In an article published Monday by
The Intercept former drone operators and other sources confirmed that the NSA uses "complex analysis of electronic surveillance to pinpoint drone strike targets," and the technique has been used by the U.S. to catch Taliban leaders.
"It's really like we're targeting a cellphone," a former drone operator who was not named, told Intercept, the venture started by former UK Guardian journalist Glenn Greenwald, who was one of the first to report on the NSA leaks by Edward Snowden. "We're not going after people — we're going after their phones."
One concern is that the tracked phones could be in the hands of people other than the intended targets at the time when a missile is fired, leading to casualties and deaths of innocent people.
The Intercept report details how some Taliban leaders have become aware of the NSA's methods and evaded them by purchasing multiple SIM cards and mixing them up.
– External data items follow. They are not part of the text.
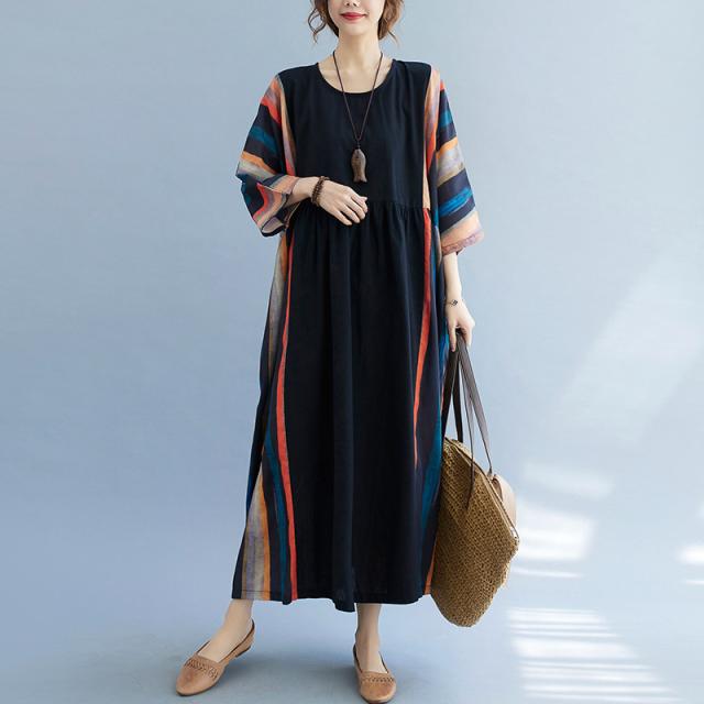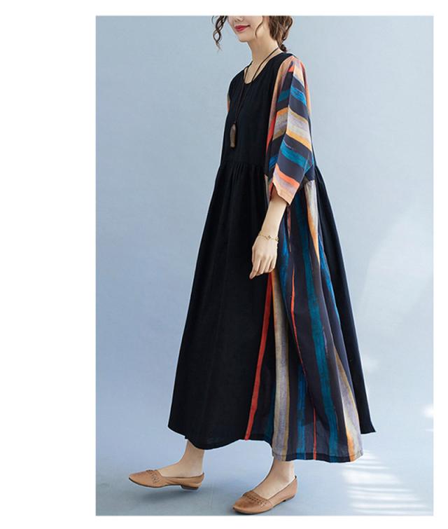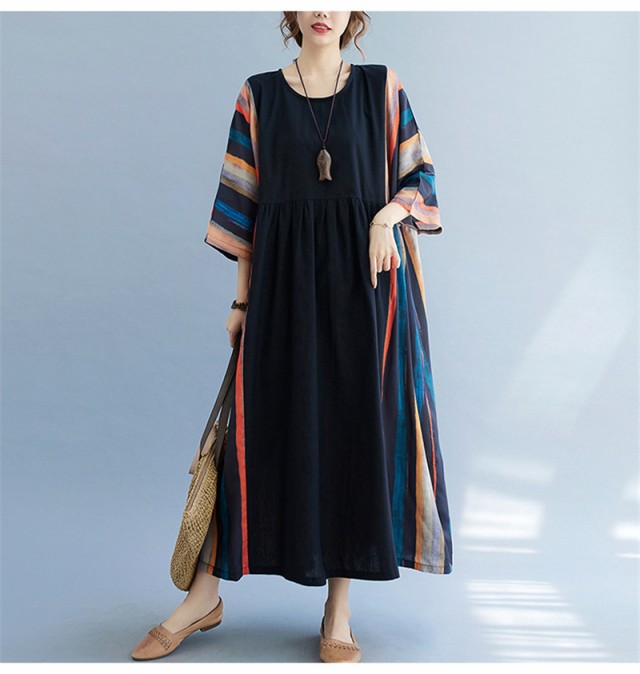 今だけ値下げ ワンピース レディース ロング丈 トップス ドッキングワンピ 長袖 A字 夏 切り替え 婦人服 ゆったり 大きいサイズ オーバーサイ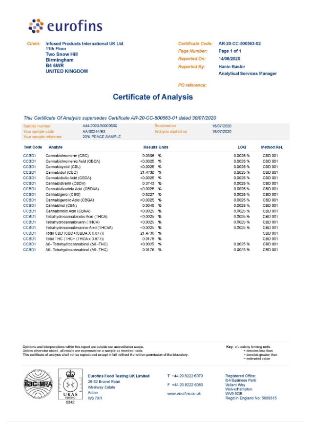 - All Infused Amphora CBD vape products undergo third-party lab testing for content and purity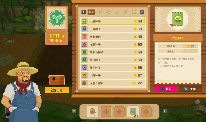 商店总共会解锁8种种子,推荐前期优先种小麦和大蒜,后期可以再补着种些黄瓜和大豆,用以咖喱派对和黄瓜派对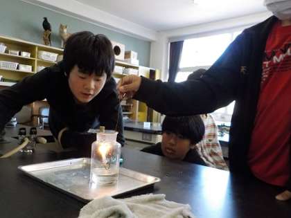 酸素の中に火を入れた時には大きな反応があり、歓声があがりました。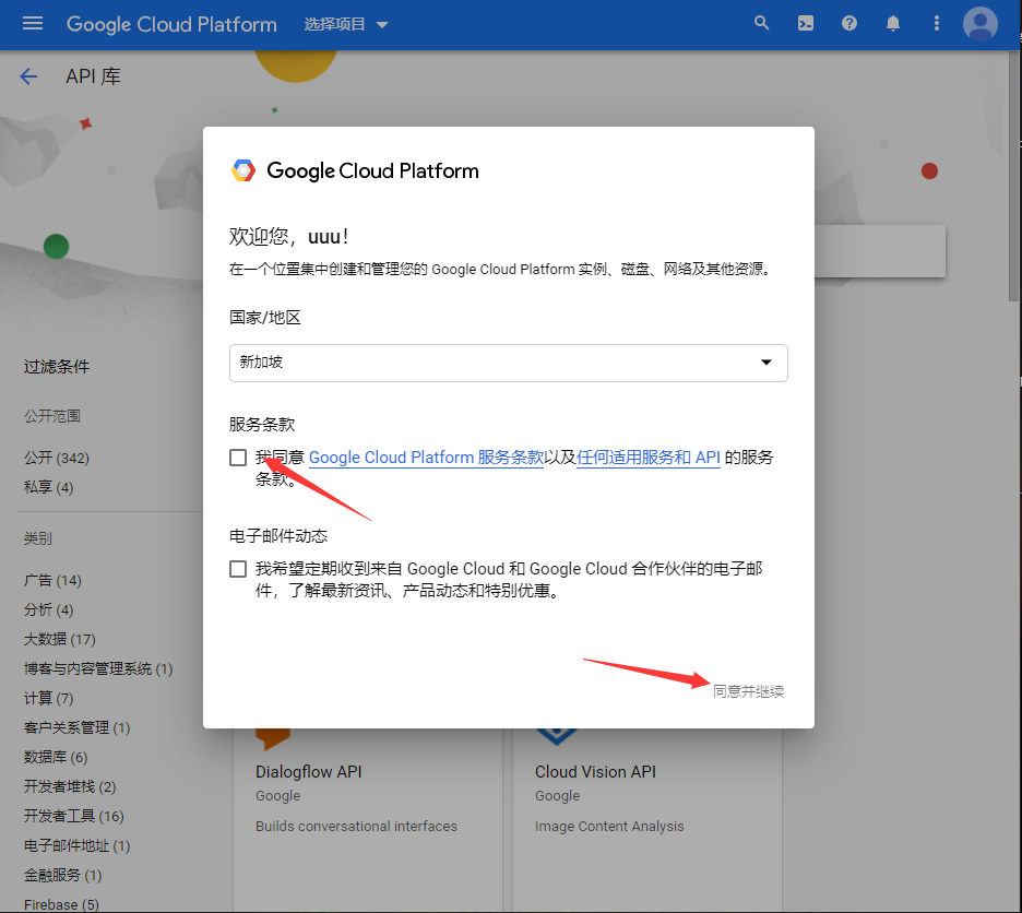 第一次进入这个界面会弹出如上图的欢迎界面,同意之后点击同意并继续。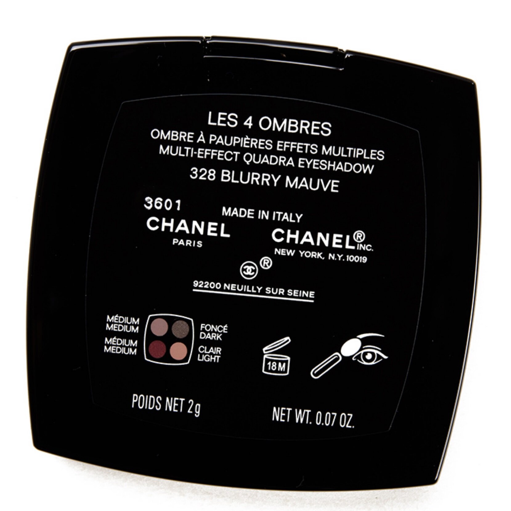 | Способ применения | Каждая гармония состоит из: • Двух средних оттенков, которые можно смешивать вместе или наносить контрастно, • Один темный оттенок для усиления, придания формы и глубины, • Один светлый оттенок для освещения и создания эффекта широко открытых глаз. Каждой функции отведено свое место в футляре. Чтобы помочь вам при первом нанесении, студия создания макияжа CHANEL предлагает четыре способа нанесения LES 4 OMBRES: естественный шик, утонченный, соблазнительный или smoky eyes. |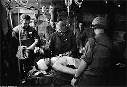 Chợt ngoài bãi đáp có tiếng động cơ của trực thăng tản thương. Hai điều dưỡng viên chạy ra khiêng chiếc cáng, trên đó là một thương binh băng kín nửa người phần dưới. Theo sau chiếc cáng là một sĩ quan Mỹ và một sĩ quan Việt-Nam. Người sĩ quan Việt-Nam đó là Đại-Úy Phạm Văn Tư Khóa 19 Võ Bị, tôi quen biết.
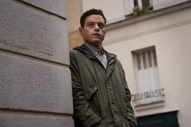 Malek plays vengeance-seeking CIA decoder Charlier Heller, slowly walking away from an explosion about to happen, somewhat like every “hero walks away from fireball” trailer we’ve seen in action movie history—until it finally does go off, and he cringes from the boom-boom and darts out of frame.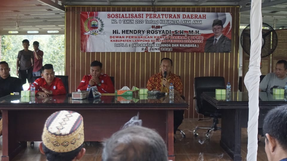 Lampung Selatan – Ketua DPRD Kabupaten Lampung Selatan (Lamsel), H. Hendry Rosyadi, SH, MH, menggelar Sosialisasi Perda (Sosper) No. 8 Tahun 2020 Tentang Kabupaten Layak Anak.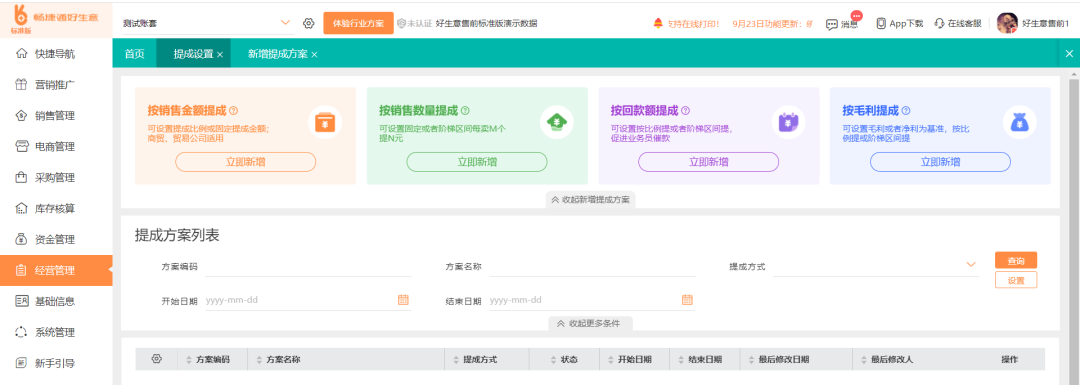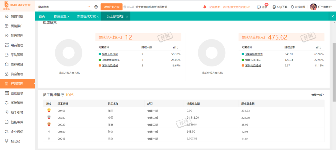 3、業(yè)務(wù)員提成核算難 根據(jù)銷售額來計(jì)算業(yè)務(wù)員提成,在好生意中有提成設(shè)置和提成統(tǒng)計(jì),按照規(guī)則設(shè)置提成方案,系統(tǒng)自動(dòng)統(tǒng)計(jì)提成金額及排行,很方便老板查看。
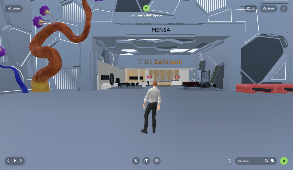 At the end we also got two partners, our student cafe and the museum of crypto arts. Also we had a call with the lead developer at MOCA and he explained us how they are using hyperfy.io.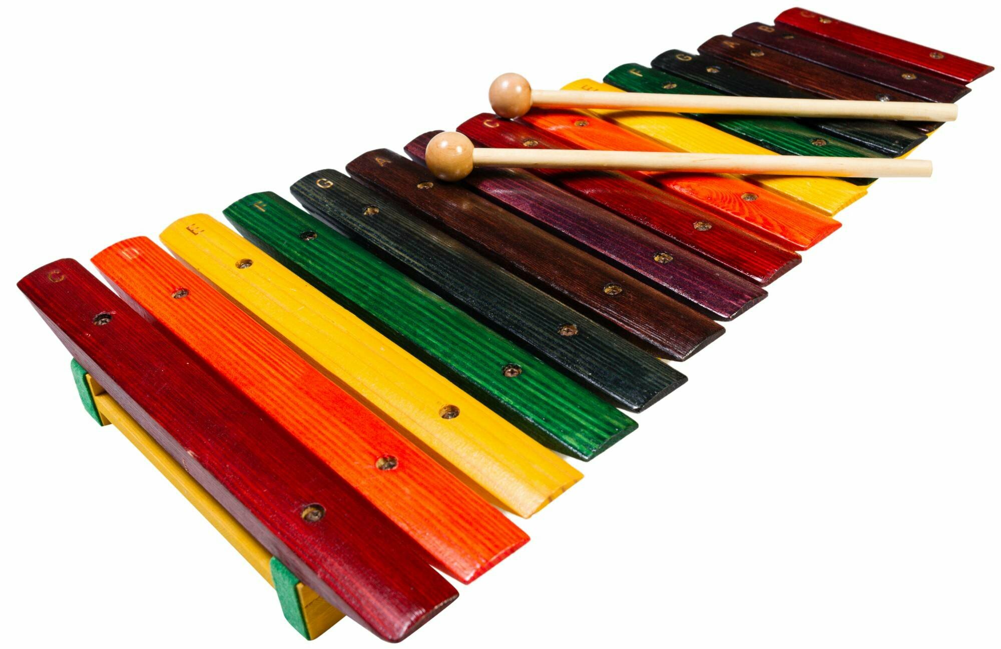У данной модели 15 разноцветных деревянных брусочков, соответствующих нотам, и 2 палочки.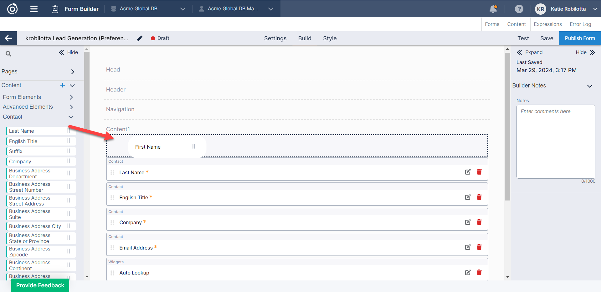 To add an element to the form, after finding it in the left panel, click and hold the element and drag it into the appropriate content box in the canvas.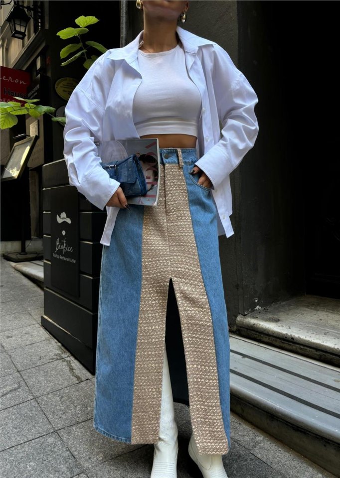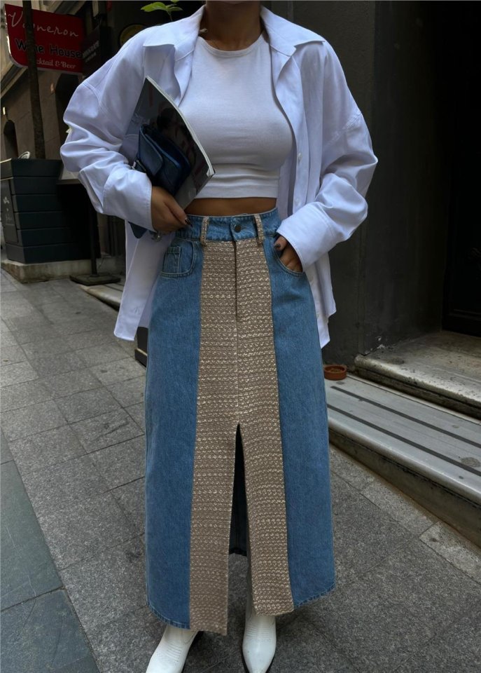 KOT ETEK PARÇALI UZUN ÖNDEN YIRTMAÇLI - Bej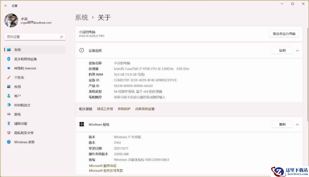 1、按 Win+I 打开设置 – 系统– 关于,查看设备规格,这里包括 CPU 型号、内存容量、系统版本等。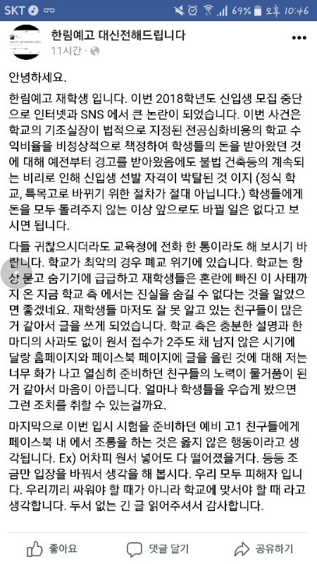 저거 사실임 나는 공지 뜨기 전부터 친구랑 입소문으로 알고 있었음 학교가 잘 못해서 신입생 못 뽑는 거임 사실 지금 1학년들이 입학 할 수 없었음 근데 걍 뽑은 거 그리고 이번 년도 공지를 서공예 입시 3주도 안 남은 지금 알려준 거ㅇㅇ 실기만 믿고 올인한 게 잘못이다 하는데 걔네는 정말 그것만 바라보고 온 거임 솔직히 여기선 내신 관리 안 한 애들보다 한림이 잘 못 100임 사실 원래 쟤네 실수로 이지경 온 거라ㅋ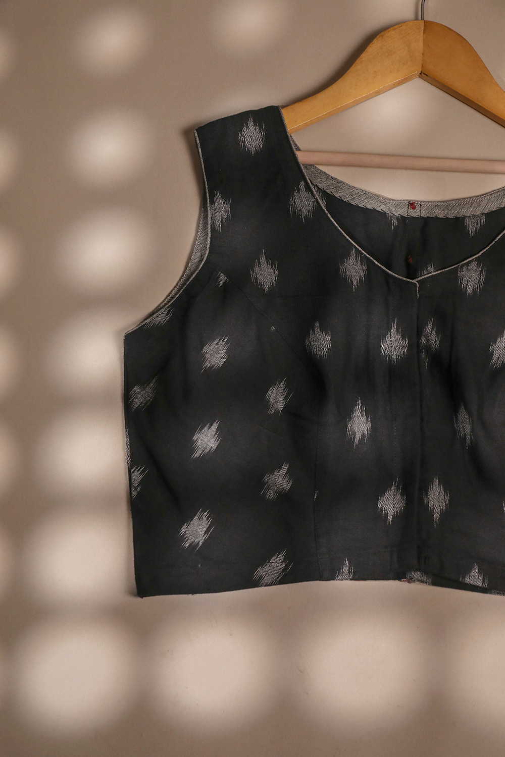 Black Ikat Mirror Work Sleeve Stitched Blouse 32, 34, 36, 38 & 40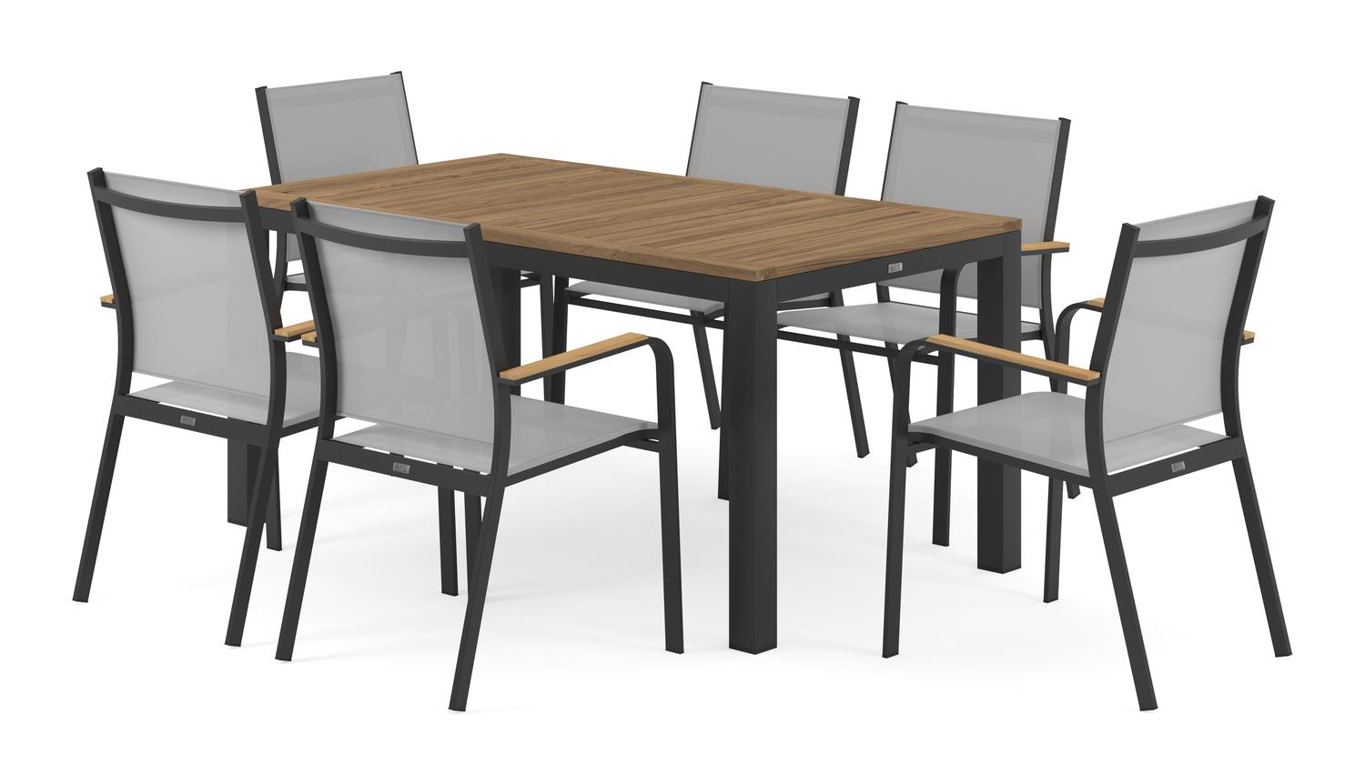 Varese tuinset in zwart aluminium en colour finish teak tafelblad met 6 stapelbare Amalfi tuinstoelen

In response to the report, Caitlin Hayden, a spokeswoman for the National Security Council, told
Fox News, "For obvious reasons, we can't discuss the specific sources and methods we use to establish near certainty, but our assessments are not based on a single piece of information. We gather and scrutinize information from a variety of sources and methods before we draw conclusions."
Hayden said officials take "extraordinary care" to make sure counterterrorism actions are within the law, and "before we take any counterterrorism strike outside areas of active hostilities, there must be near certainty that no civilians will be killed or injured — the highest standard we can set."
The Intercept article said that Hayden declined to say on the record whether strikes are ordered without the use of human intelligence, and the CIA and NSA declined to comment on the report.